• [Supplied data]:
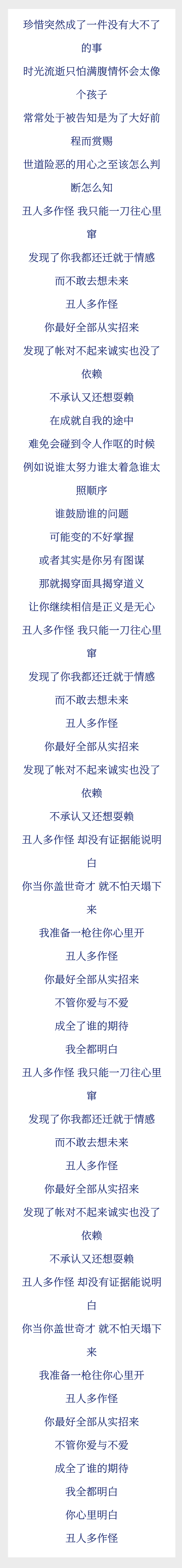 近两年,告五人不仅唱遍各大音乐节、更完售台湾中大型的live house,可说是新世代乐团里,人气名列前茅的一组。这首《丑人多作怪》来自告五人在第二张专辑《运气来得若有似无》中持续挑战自我,脱离常规的录音室,搬回宜兰包栋民宿录音。性情坦率的三人组,甩掉拘束更自在唱着摇滚乐的率性节奏与微醺的醉人诗篇,他们常喊说要唱到歌迷结婚生子,用音乐持续燃烧青春的起承转合与人间的春夏秋冬。
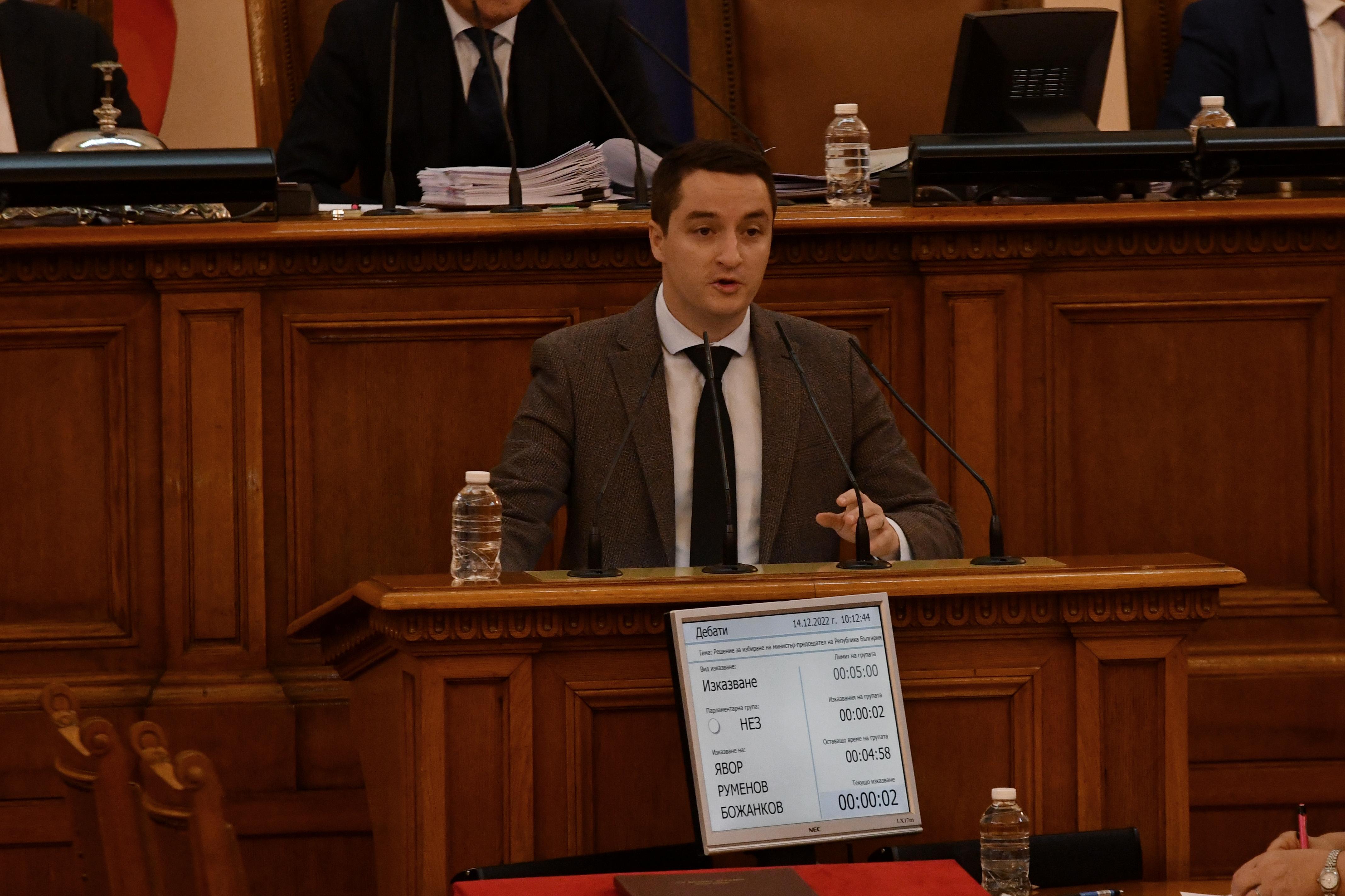 "Самият факт, че те трябва да се скрият зад някой, че трябва да предложат кабинет, от който да се дистанцират, че трябва да кажат, че той сам е селектирал себе си е една романтична история, на която едва ли някой вярва. Зад този факт се крие истинският проблем. Първата политическа сила в България не може да състави редовно правителство, защото няма парламентарна и обществена подкрепа. Смятам, че този кабинет не може да бъде подкрепен, въпреки добрите качества на някои от предложените министри", заяви от парламентарната трибуна Явор Божанков.
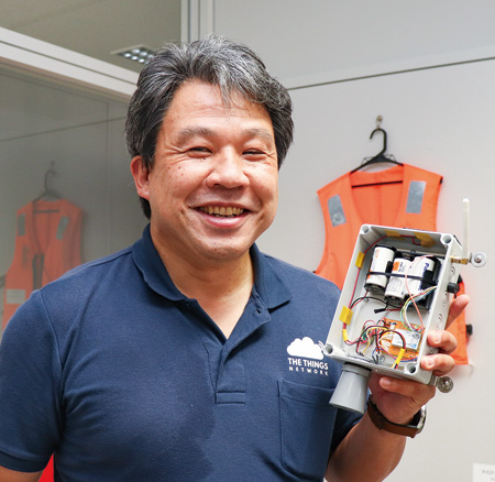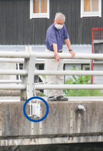 今年6月には和歌山市の西山東地区連合自治会と協力し、和田川と支流の前代川など5ヵ所に設けた。長年、水害に悩まされてきた西山東地区だが、和田川の水位計は地区内になく、隣りの岡崎地区に1つあるだけ。宮脇茂連合自治会長は「これまでは自分たちで川まで行き、水位を目視しなければならなかったが、離れた場所にいながら数字で分かるようになる。だれもがデータを知れるのもありがたい」と喜ぶ。
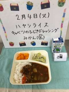 今日の給食は、子どもに大人気のハヤシライスでした。

• [Exercise prompt]: Each line from the one that holds "трибуна Явор Божанков." through the end of the material should be repeated exactly, and nothing more. Leave out any picture.

• [Answer below]:
 "Самият факт, че те трябва да се скрият зад някой, че трябва да предложат кабинет, от който да се дистанцират, че трябва да кажат, че той сам е селектирал себе си е една романтична история, на която едва ли някой вярва. Зад този факт се крие истинският проблем. Първата политическа сила в България не може да състави редовно правителство, защото няма парламентарна и обществена подкрепа. Смятам, че този кабинет не може да бъде подкрепен, въпреки добрите качества на някои от предложените министри", заяви от парламентарната трибуна Явор Божанков.
 今年6月には和歌山市の西山東地区連合自治会と協力し、和田川と支流の前代川など5ヵ所に設けた。長年、水害に悩まされてきた西山東地区だが、和田川の水位計は地区内になく、隣りの岡崎地区に1つあるだけ。宮脇茂連合自治会長は「これまでは自分たちで川まで行き、水位を目視しなければならなかったが、離れた場所にいながら数字で分かるようになる。だれもがデータを知れるのもありがたい」と喜ぶ。
 今日の給食は、子どもに大人気のハヤシライスでした。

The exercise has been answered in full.